▸ What is needed
Retype exactly the lines below, starting with the line that contains "DELCO Threaded Rubber" and ending with the last line; leave out any pictures.

▸ Records for the exercise
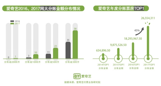 2017年对中国电影市场来说,是回归理性、走向成熟的转折年。这一年,院线电影总票房达559亿元,同比增长13.45%。《战狼2》以56亿内地票房,成为华语电影票房新冠军;《羞羞的铁拳》《功夫瑜伽》《西游伏妖篇》《芳华》等华语电影票房均超过10亿大关;此外,2017年华语电影还涌现了《二十二》《冈仁波齐》《相爱相亲》《绣春刀2》《闪光少女》等多元口碑作品。院线电影打开新的局面的同时,网络电影市场也正经历裂变式成长,并且变化之势更加凶猛。2017年中国网络大电影(以下简称“网大”)全网上线内容,出现首次同比数量下降,从内容到公司都经历了一番数据可见的大浪淘沙。数量下降的同时,《斗战圣佛》凭借高度商业化的市场运作,其在爱奇艺平台获得超2655万元的网络票房分账,创造中国网络票房分账历史新高点 ;《缞神契约》《哀乐女子天团》《星游记》《孤岛终结》《海带》《暴走刑警》等口碑佳作,也逐渐在大众领域获得高关注、高口碑。越来越多优秀的青年电影人,通过网络发行直面观众,找到创作话语权和打开市场的钥匙。
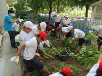 自分の鉢の前に行くと、真剣なまなざしで自分の野菜と向き合っていました。真っ赤になったミニトマトが早く食べてと言わんばかりにたわわに実っていました。スイカのような実も見られました。これからどんどん大きくなって収穫できる日が、待ちどおしいですね。愛情をいっぱい注いだ野菜は、きっと美味しいと思います。
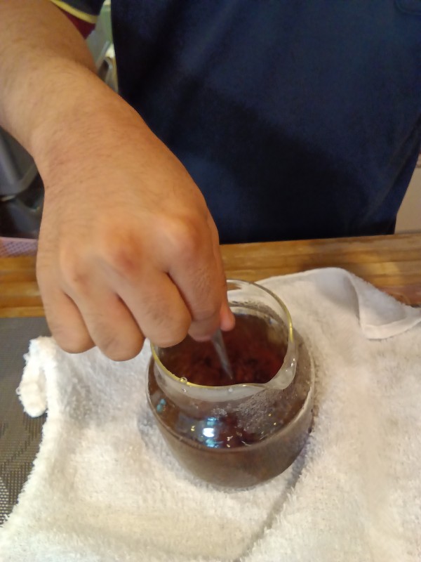 抽出がおわったら、ティースプーンでポットの中を1まわし。
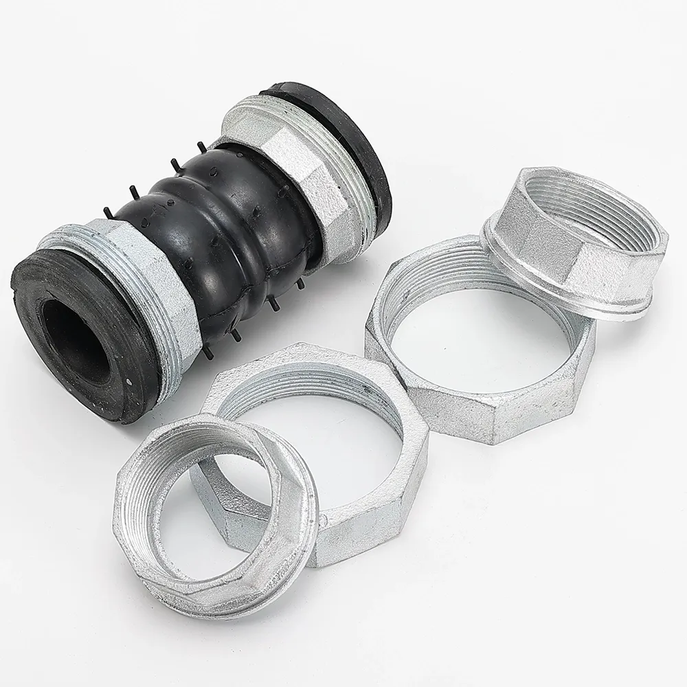 DELCO Threaded Rubber Flexible Joint is a rubber expansion joint for threaded piping. It reduces vibration and noise, and helps relieve pipe stress from thermal movement and minor misalignment. Union-type threaded ends enable fast installation and replacement. Rubber compound, thread standard/size, and pressure rating can be supplied to suit water, HVAC, and general industrial service.
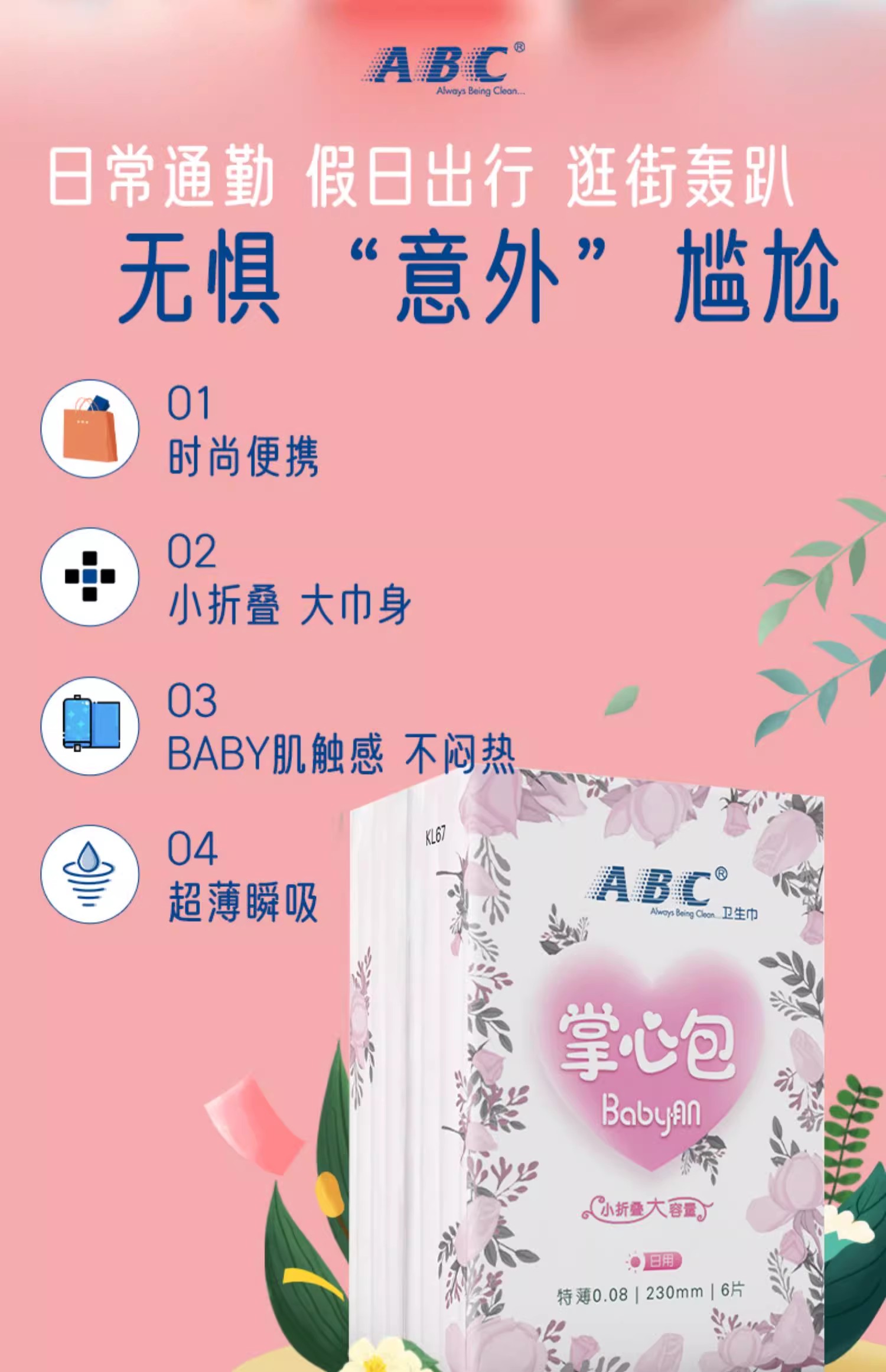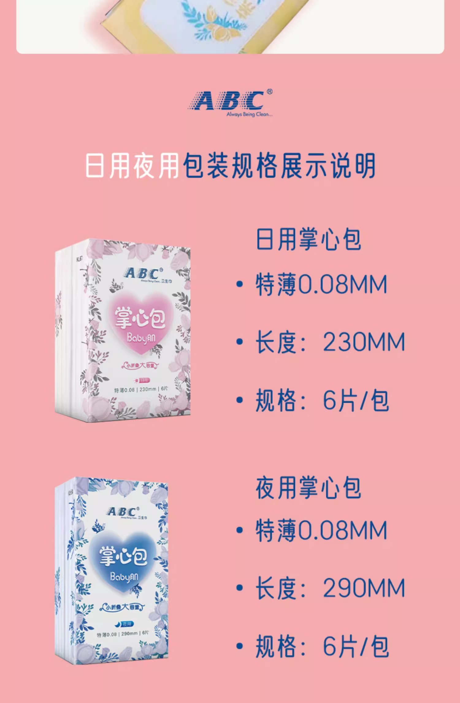 【商品名称】ABC 超薄掌心包日用230mm 六片/包

▸ Answer space
 DELCO Threaded Rubber Flexible Joint is a rubber expansion joint for threaded piping. It reduces vibration and noise, and helps relieve pipe stress from thermal movement and minor misalignment. Union-type threaded ends enable fast installation and replacement. Rubber compound, thread standard/size, and pressure rating can be supplied to suit water, HVAC, and general industrial service.
 【商品名称】ABC 超薄掌心包日用230mm 六片/包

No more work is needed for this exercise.